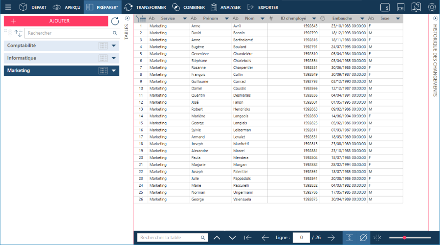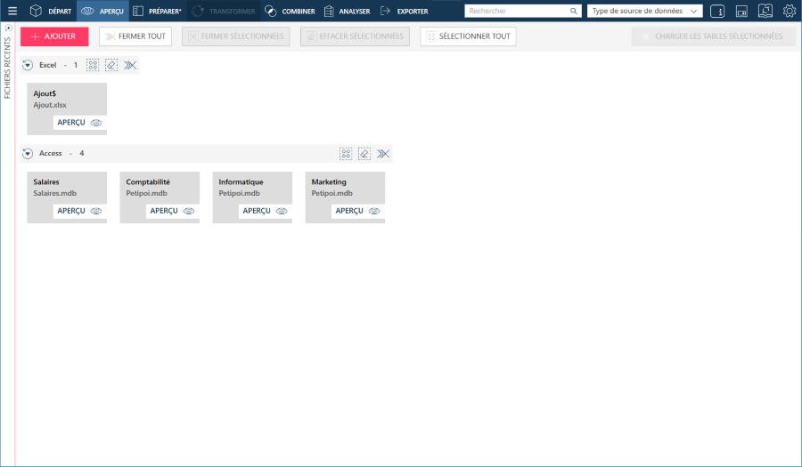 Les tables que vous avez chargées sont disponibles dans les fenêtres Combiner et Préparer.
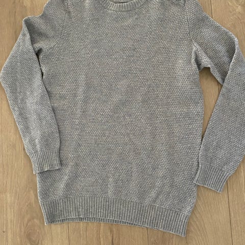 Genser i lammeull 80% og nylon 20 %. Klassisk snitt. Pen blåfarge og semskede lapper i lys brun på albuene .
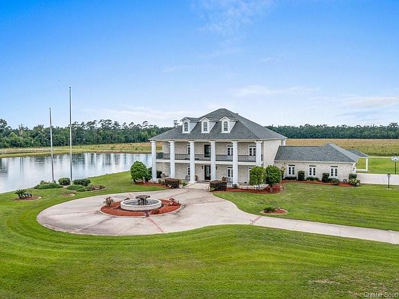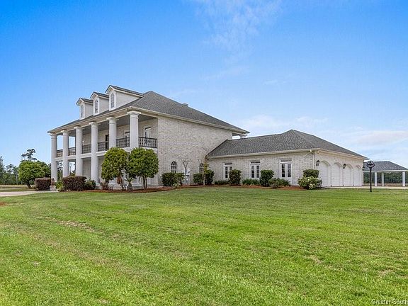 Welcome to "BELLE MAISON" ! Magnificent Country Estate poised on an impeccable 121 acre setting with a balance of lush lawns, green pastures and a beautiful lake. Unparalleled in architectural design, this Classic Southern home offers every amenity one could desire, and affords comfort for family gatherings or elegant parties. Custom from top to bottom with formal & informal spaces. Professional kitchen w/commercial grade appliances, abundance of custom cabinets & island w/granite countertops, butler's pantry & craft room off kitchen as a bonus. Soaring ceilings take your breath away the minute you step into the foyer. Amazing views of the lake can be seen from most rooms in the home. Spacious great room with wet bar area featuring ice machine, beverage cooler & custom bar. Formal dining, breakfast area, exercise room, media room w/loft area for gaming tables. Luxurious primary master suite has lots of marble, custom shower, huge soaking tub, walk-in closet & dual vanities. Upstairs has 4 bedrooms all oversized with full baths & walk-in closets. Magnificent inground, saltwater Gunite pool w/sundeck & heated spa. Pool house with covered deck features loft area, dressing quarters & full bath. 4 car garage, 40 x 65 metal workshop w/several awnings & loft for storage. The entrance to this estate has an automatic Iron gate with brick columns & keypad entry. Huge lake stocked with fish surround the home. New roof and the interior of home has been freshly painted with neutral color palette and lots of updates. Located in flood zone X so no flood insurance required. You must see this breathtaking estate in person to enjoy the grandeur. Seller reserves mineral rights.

▶ **Task objective**
Retype the full listing above precisely. Exclude each picture you find in it.

▶ **Exercise result**
 Les tables que vous avez chargées sont disponibles dans les fenêtres Combiner et Préparer.
 Genser i lammeull 80% og nylon 20 %. Klassisk snitt. Pen blåfarge og semskede lapper i lys brun på albuene .
 Welcome to "BELLE MAISON" ! Magnificent Country Estate poised on an impeccable 121 acre setting with a balance of lush lawns, green pastures and a beautiful lake. Unparalleled in architectural design, this Classic Southern home offers every amenity one could desire, and affords comfort for family gatherings or elegant parties. Custom from top to bottom with formal & informal spaces. Professional kitchen w/commercial grade appliances, abundance of custom cabinets & island w/granite countertops, butler's pantry & craft room off kitchen as a bonus. Soaring ceilings take your breath away the minute you step into the foyer. Amazing views of the lake can be seen from most rooms in the home. Spacious great room with wet bar area featuring ice machine, beverage cooler & custom bar. Formal dining, breakfast area, exercise room, media room w/loft area for gaming tables. Luxurious primary master suite has lots of marble, custom shower, huge soaking tub, walk-in closet & dual vanities. Upstairs has 4 bedrooms all oversized with full baths & walk-in closets. Magnificent inground, saltwater Gunite pool w/sundeck & heated spa. Pool house with covered deck features loft area, dressing quarters & full bath. 4 car garage, 40 x 65 metal workshop w/several awnings & loft for storage. The entrance to this estate has an automatic Iron gate with brick columns & keypad entry. Huge lake stocked with fish surround the home. New roof and the interior of home has been freshly painted with neutral color palette and lots of updates. Located in flood zone X so no flood insurance required. You must see this breathtaking estate in person to enjoy the grandeur. Seller reserves mineral rights.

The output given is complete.